Oil and gas firms are beholden to macroeconomic factors and exposed to substantial levels of risk relating to market volatility, uncertainty and geopolitical instability.
Costs have increased substantially against the backdrop of high oil prices. But when prices slide, there is shareholder pressure to cut costs across operations, including the workforce. This has been illustrated by the recent oil price slump, with several operators and service companies announcing layoffs and rate cuts. But this pattern has been repeated numerous times with the perpetual cycle of boom and bust, demonstrating that lessons still need to be learned.
Some firms are recognizing that a better balance between contract and full time employees is required. Contractor rates have increased three times more than staff salaries over the last five years, thus it can be more cost-effective for firms to hire contractors as permanent employees. More importantly, by transitioning contractors to staff, firms can secure the skills and experience they need for when new opportunities arise.
Although the industry is experiencing the lowest oil prices seen since 2009, its cyclical nature makes it essential that firms adopt a strategic approach to recruitment if they are to secure the appropriate resources when prices recover.
US in the spotlight
With technology opening up new types of resources, the US is predicted to overtake Russia and Saudi Arabia as the world’s largest oil producer during 2015, according to the International Energy Agency.
However, data compiled by Bloomberg New Energy Finance suggests that 19 US shale regions are no longer profitable, and that the increase of US oil supply to more than nine million barrels a day has driven down prices by as much as 32 per cent since June 2014.
Meanwhile, the Gulf of Mexico remains a key deepwater region, despite analysts forecasting limited growth. In 2014, the US Bureau of Ocean Energy Management offered almost 40 million acres in the Gulf of Mexico for bid, with leading industry players planning to inject billions in E&P activity.
Seeking the right efficiencies
Efficiency and cost effectiveness are the watchwords for the industry today. Yet efficiency has been a focus for E&P firms for some time.
The workforce and rate cuts seen to date are hitting the support functions hardest. Yet there are other ways in which efficiencies can be created – with the supply chain being a key area.
There is a growing trend to recruit professionals in supply chain management that are experienced in driving efficiencies from outside of the industry. This bucks the conventional ‘square pegs for square holes’ approach of only hiring individuals with an oil and gas background.
Many disciplines possess the same skills and knowledge required to drive greater operational efficiency – irrespective of the industry. There are several oilfield services companies actively looking to hire people specifically for their experience in low margin, high volume industries.

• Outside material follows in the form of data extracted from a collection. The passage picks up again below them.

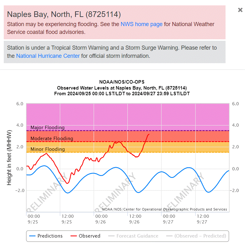 For Naples to hit Major Flood stage around the same time as Clearwater Beach shows just how huge the impact of Helene is/will be.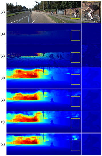 Figure 6 shows the effect of the depth information completion module. Figure 6d,e are the dense depth map without the depth information completion module, and the rates are 2 and 4. Figure 6f,g are the dense depth map when the depth information complement module is added, and the rates are 2 and 4. By comparing the details of the figure edges in the yellow box horizontally and vertically, such as the small protrusion at the backpack and the gap between the human leg and the front wheel of the bicycle, we can see that our depth information completion module had better performance in edge blurring improvement. The dense depth map of human body edges obtained by SGSNet was clearer and more accurate.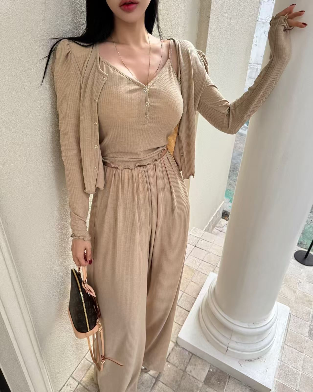 재고 있음 한국 동대문 봄 여름 달콤함 프릴 맨위 캐주얼 바지 세트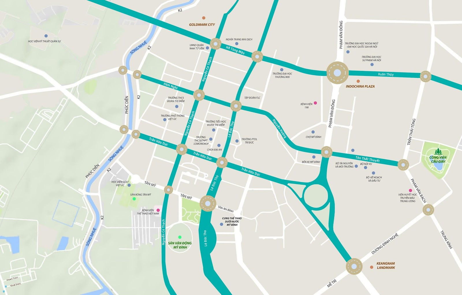 Hạ tầng giao thông chính là lợi thế nổi bật hàng đầu của khu vực Mỹ Đình. Nhờ hệ thống đường sá được đầu tư, mở rộng, nâng cấp, cải thiện không ngừng cùng mạng lưới đường nhỏ được quy hoạch vuông như bàn cờ, việc di chuyển, kết nối tới khu vực này trở nên vô cùng thuận lợi. Ngoài các tuyến giao thông huyết mạch Vành đai 3, Quốc lộ 32, Lê Đức Thọ, Mễ Trì, Trần Hữu Dực, Nguyễn Cơ Thạch… Mỹ Đình còn có tuyến xe bus nhanh BRT và tuyến đường sắt trên cao Nhổn – Ga Hà Nội chạy qua. Do đó, dù là khu vực kết nối các tuyến đường trọng điểm của thành phố nhưng giao thông tại Mỹ Đình tương đối thuận lợi, đặc biệt là các tuyến đường Lê Đức Thọ, Hàm Nghi, Trần Hữu Dực,... hầu như không xảy ra tình trạng tắc nghẽn.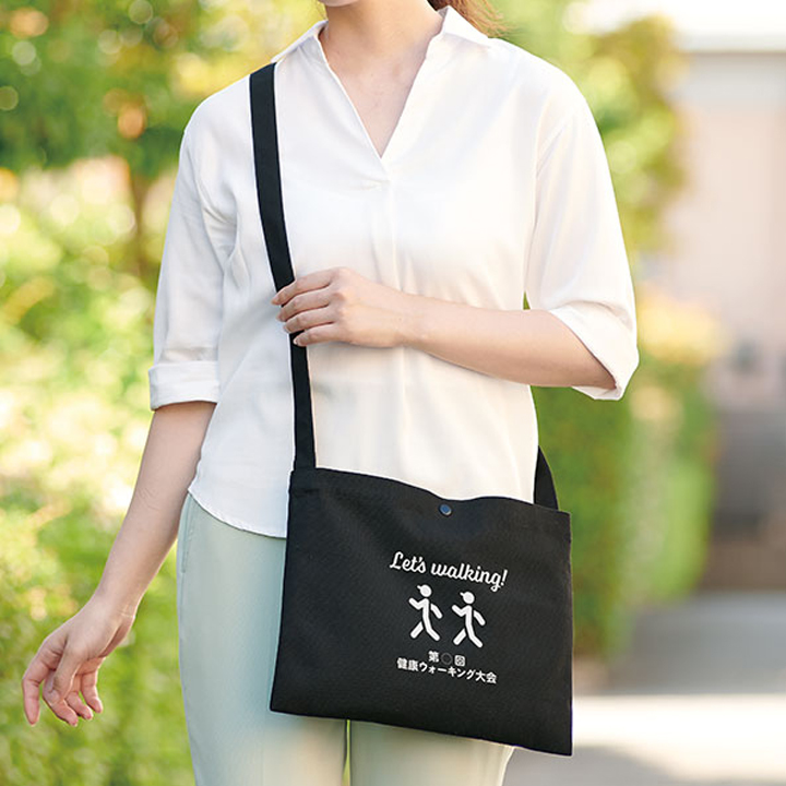 A4サイズも入る、シンプルで便利なサコッシュ。オリジナル印刷を入れれば、ノベルティ・販売品として需要の高い仕様です

Previously, recruiting professionals from other industries was relatively easy. Candidates found the prospect of moving into oil and gas very attractive – not only because it was booming, but because locations such as Houston offer a cost-effective place to live and a desirable way of life.

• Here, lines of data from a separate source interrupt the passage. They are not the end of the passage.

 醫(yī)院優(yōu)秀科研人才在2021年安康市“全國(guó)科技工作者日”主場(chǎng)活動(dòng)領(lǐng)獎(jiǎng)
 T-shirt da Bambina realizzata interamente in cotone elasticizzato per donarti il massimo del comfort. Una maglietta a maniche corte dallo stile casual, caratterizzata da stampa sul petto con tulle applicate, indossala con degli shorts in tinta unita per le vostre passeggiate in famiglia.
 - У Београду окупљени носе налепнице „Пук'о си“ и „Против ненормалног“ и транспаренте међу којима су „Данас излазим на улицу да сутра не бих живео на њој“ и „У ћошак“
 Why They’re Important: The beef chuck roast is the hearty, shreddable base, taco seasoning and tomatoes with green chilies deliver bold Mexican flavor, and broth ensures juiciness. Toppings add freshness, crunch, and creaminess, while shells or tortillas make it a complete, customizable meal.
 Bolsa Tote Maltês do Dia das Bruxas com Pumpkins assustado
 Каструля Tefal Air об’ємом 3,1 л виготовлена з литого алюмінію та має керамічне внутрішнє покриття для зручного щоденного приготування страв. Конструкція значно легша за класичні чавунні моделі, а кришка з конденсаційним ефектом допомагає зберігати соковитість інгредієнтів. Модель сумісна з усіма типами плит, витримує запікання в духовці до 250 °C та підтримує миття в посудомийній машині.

Ironically, a growing US economy coupled with lower oil prices means this is no longer such an easy sell. Operators therefore need to be more proactive in mitigating risk by adopting a sustainable approach to managing their workforce requirements.
Ensuring greater elasticity in the supply of personnel is paramount. With the labour supply likely to fluctuate between direct hire and contract during a period of change, firms must partner with recruitment specialists that have equal capability to supply both permanent and contract personnel.
But while there are plenty of companies with a good reputation in the contract space, few can provide quality talent on the permanent side too. The same applies for those experienced in recruiting technical professionals versus support function staff. Only partners with integrated expertise can help firms to gain more control over the supply of skilled labour and prepare for tomorrow’s opportunities.